RECORDS SUPPLIED:
◇ ◇ ◇ ◇ ◇ ◇ ◇

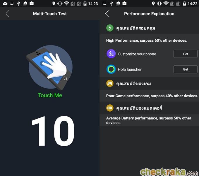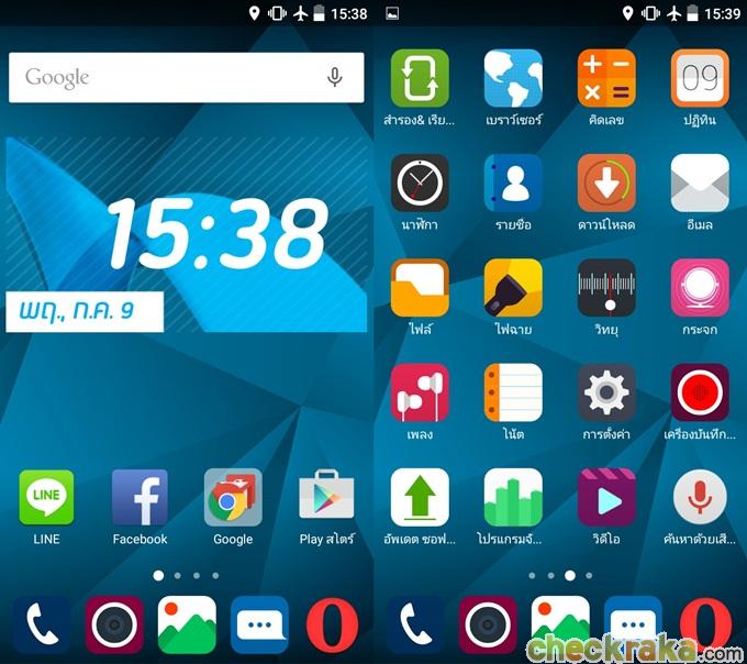 ข้อสังเกตคือ มือถือที่มาจากผู้ผลิตจีนส่วนใหญ่ จะใช้ Launcher แบบไม่มี App Drawer ทั้งนั้นเลย ข้อดีของการใช้งานอินเตอร์เฟสนี้ก็คือ ใช้งานง่ายไม่ยุ่งยาก สามารถเรียกแอปฯ จากหน้าจอหลักได้เลย ไม่ต้องเสียเวลาเข้าไปที่เมนูอีกที และเมื่อปัดจากขอบด้านล่างขึ้น จะสามารถเปลี่ยนภาพวอลล์เปเปอร์, เอฟเฟกต์การเลื่อนหน้าจอ และเมนูการตั้งค่าได้ทันที
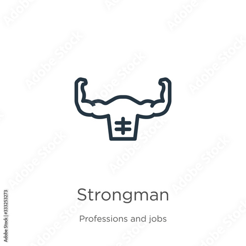Strongman icon. Thin linear strongman outline icon isolated on white background from professions and jobs collection. Line vector sign, symbol for web and mobile
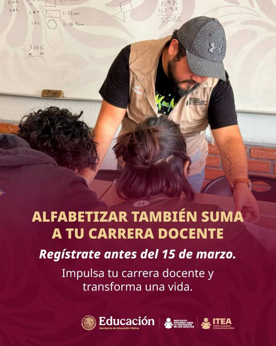 Se invita a maestras y maestros de Educación Básica, a participar en el Programa de Alfabetización del Instituto Tamaulipeco de Educación para Adultos ITEA Tamaulipas y con ello obtener un punto adicional en su proceso de promoción vertical, horizontal u horas adicionales.
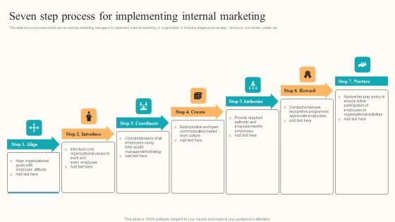 This slide shows process which can be used by marketing managers to implement internal marketing in organization. It includes stages such as align, introduce, coordinate, create, etc. Are you searching for a Seven Step Process Implementing Developing Employee Centric Marketing Program Ideas Pdf that is uncluttered, straightforward, and original Its easy to edit, and you can change the colors to suit your personal or business branding. For a presentation that expresses how much effort you have put in, this template is ideal With all of its features, including tables, diagrams, statistics, and lists, its perfect for a business plan presentation. Make your ideas more appealing with these professional slides. Download Seven Step Process Implementing Developing Employee Centric Marketing Program Ideas Pdf from Slidegeeks today. This slide shows process which can be used by marketing managers to implement internal marketing in organization. It includes stages such as align, introduce, coordinate, create, etc.
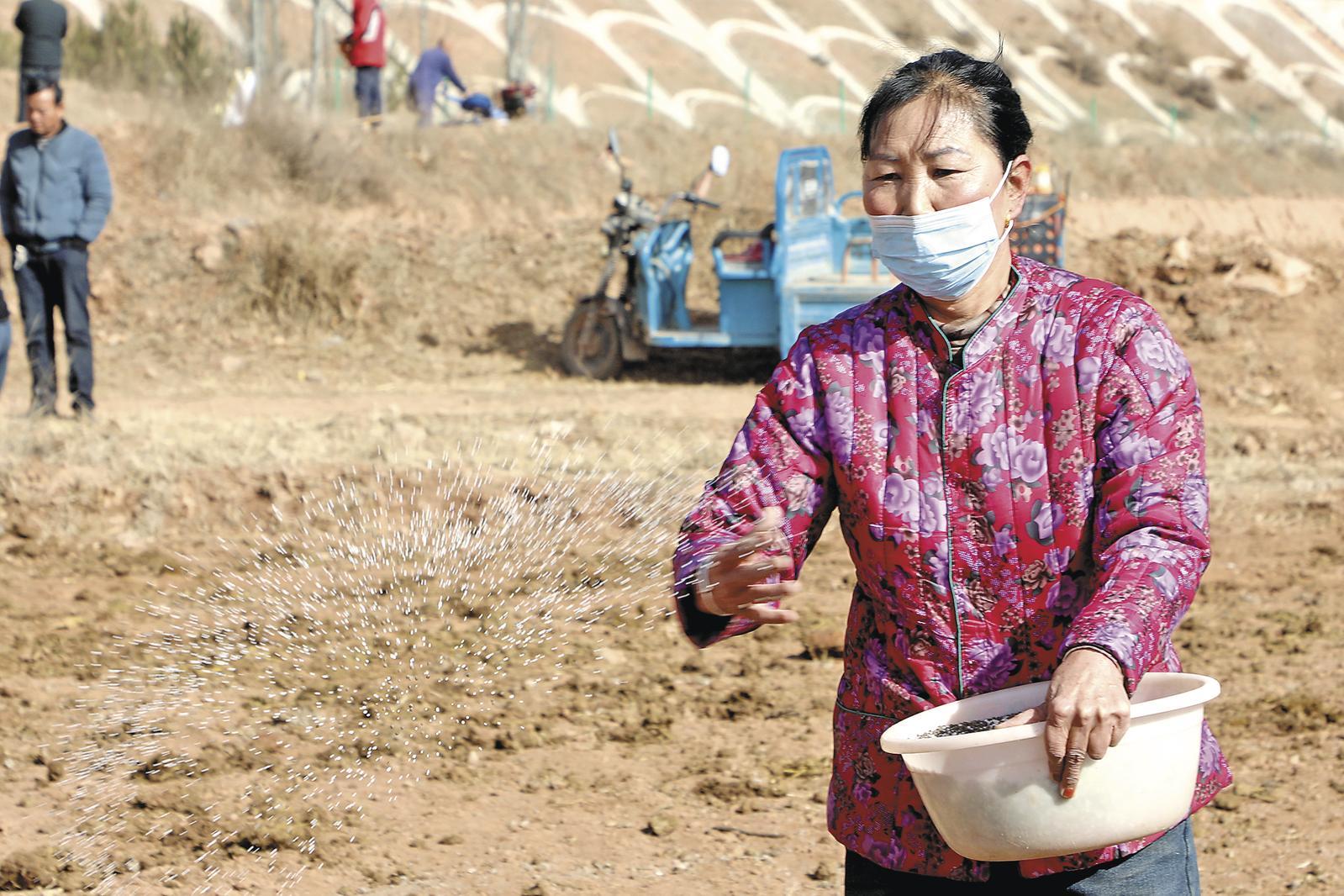 中國藏族網通訊 2月11日,在海東市民和回族土族自治縣官亭鎮趙木川村,農戶正趁著晴好天氣,將精選的種子播撒進肥沃的土壤。隨著拖拉機的轟鳴和播種機鐵犁的劃動,一顆顆飽滿的小麥種子被整齊有序地播撒在沃土之中,拉開了民和新一年春耕生產的序幕。

◇ ◇ ◇ ◇ ◇ ◇ ◇

What is needed here is an exact copy of the lines from the line containing "Strongman icon. Thin" through the end of the records, with every picture left out.

Strongman icon. Thin linear strongman outline icon isolated on white background from professions and jobs collection. Line vector sign, symbol for web and mobile
 Se invita a maestras y maestros de Educación Básica, a participar en el Programa de Alfabetización del Instituto Tamaulipeco de Educación para Adultos ITEA Tamaulipas y con ello obtener un punto adicional en su proceso de promoción vertical, horizontal u horas adicionales.
 This slide shows process which can be used by marketing managers to implement internal marketing in organization. It includes stages such as align, introduce, coordinate, create, etc. Are you searching for a Seven Step Process Implementing Developing Employee Centric Marketing Program Ideas Pdf that is uncluttered, straightforward, and original Its easy to edit, and you can change the colors to suit your personal or business branding. For a presentation that expresses how much effort you have put in, this template is ideal With all of its features, including tables, diagrams, statistics, and lists, its perfect for a business plan presentation. Make your ideas more appealing with these professional slides. Download Seven Step Process Implementing Developing Employee Centric Marketing Program Ideas Pdf from Slidegeeks today. This slide shows process which can be used by marketing managers to implement internal marketing in organization. It includes stages such as align, introduce, coordinate, create, etc.
 中國藏族網通訊 2月11日,在海東市民和回族土族自治縣官亭鎮趙木川村,農戶正趁著晴好天氣,將精選的種子播撒進肥沃的土壤。隨著拖拉機的轟鳴和播種機鐵犁的劃動,一顆顆飽滿的小麥種子被整齊有序地播撒在沃土之中,拉開了民和新一年春耕生產的序幕。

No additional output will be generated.